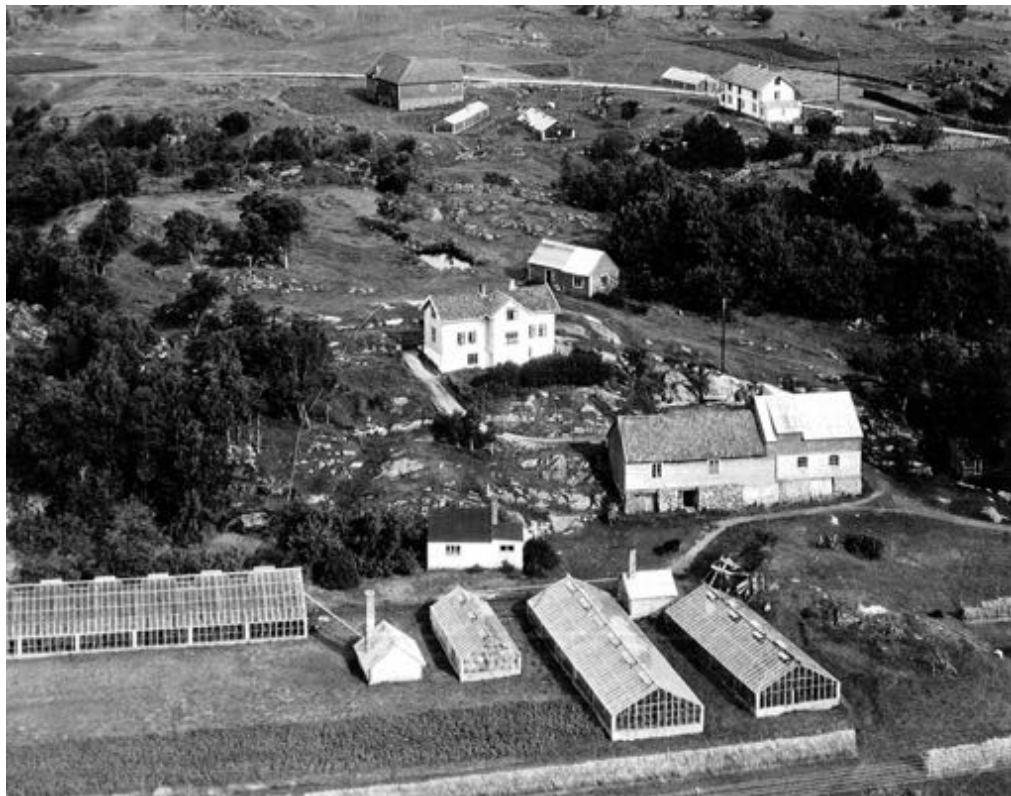
Meland kommune, Nordhordaland

- en oversikt over kunstprosjekter fra 2012-2016
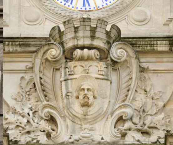
Armoiries de Limoges avec le chef de saint Martial surmonté de trois fleurs de lys.
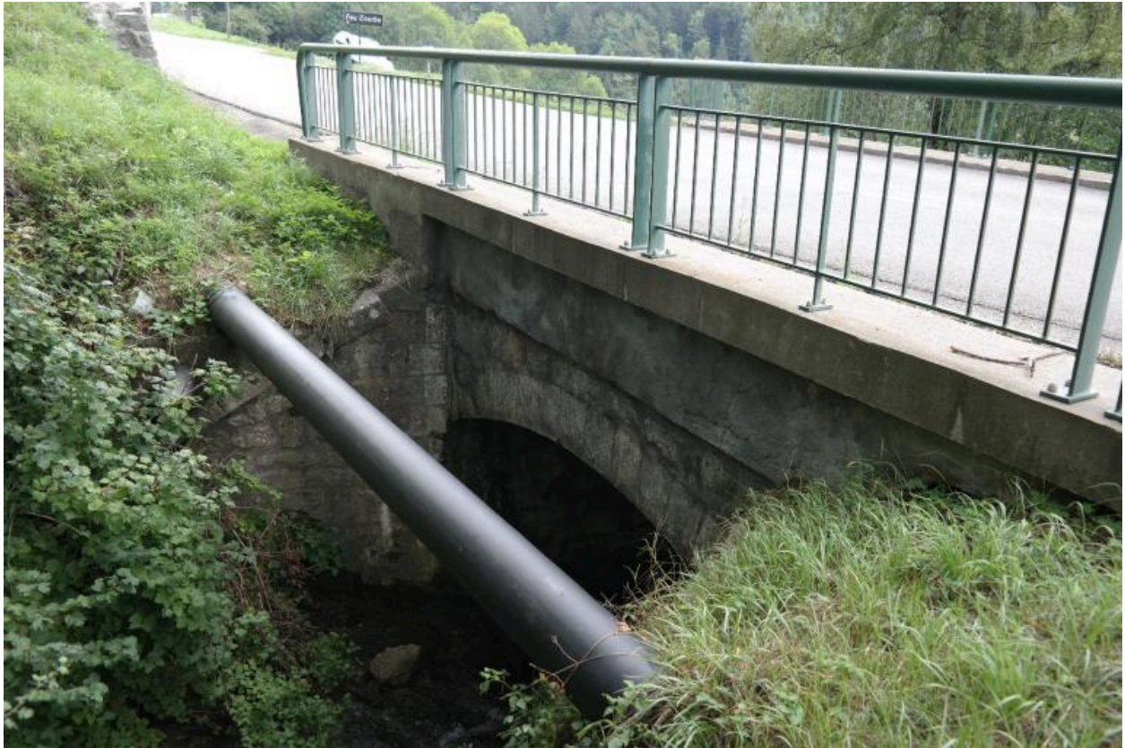
Pont de la Corbassière, vue de la face amont
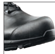
HAIX® Composite Schutzkappe
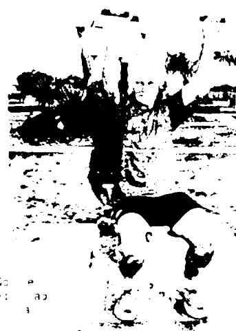
Calor e umidade
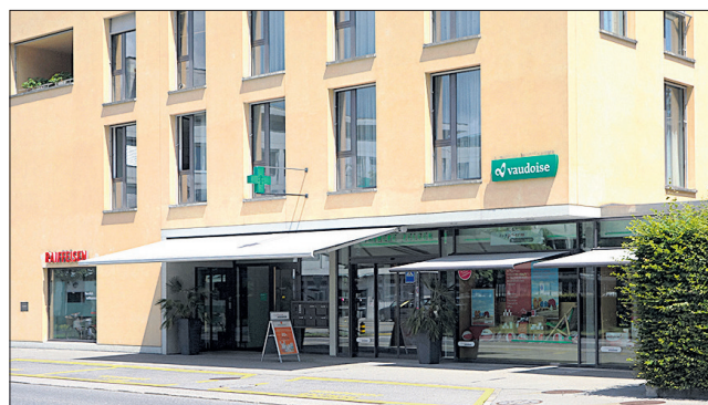
Zelger Apotheke in Stans
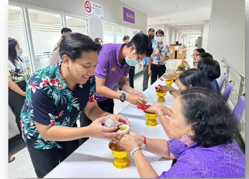
จัดงานรดน้ำคำหัวผู้ใหญ่ภายใน กลุ่มแผนงาน ตามวัฒนธรรม และประเพณี
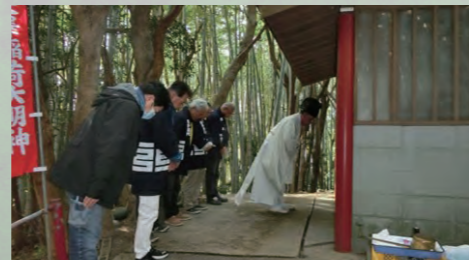
浦戸大澤稲荷大祭

--- ASSIGNMENT ---
Everything in the records above should be retyped exactly except the pictures.

--- YOUR SOLUTION ---
Meland kommune, Nordhordaland

- en oversikt over kunstprosjekter fra 2012-2016
Armoiries de Limoges avec le chef de saint Martial surmonté de trois fleurs de lys.
Pont de la Corbassière, vue de la face amont
HAIX® Composite Schutzkappe
Calor e umidade
Zelger Apotheke in Stans
จัดงานรดน้ำคำหัวผู้ใหญ่ภายใน กลุ่มแผนงาน ตามวัฒนธรรม และประเพณี
浦戸大澤稲荷大祭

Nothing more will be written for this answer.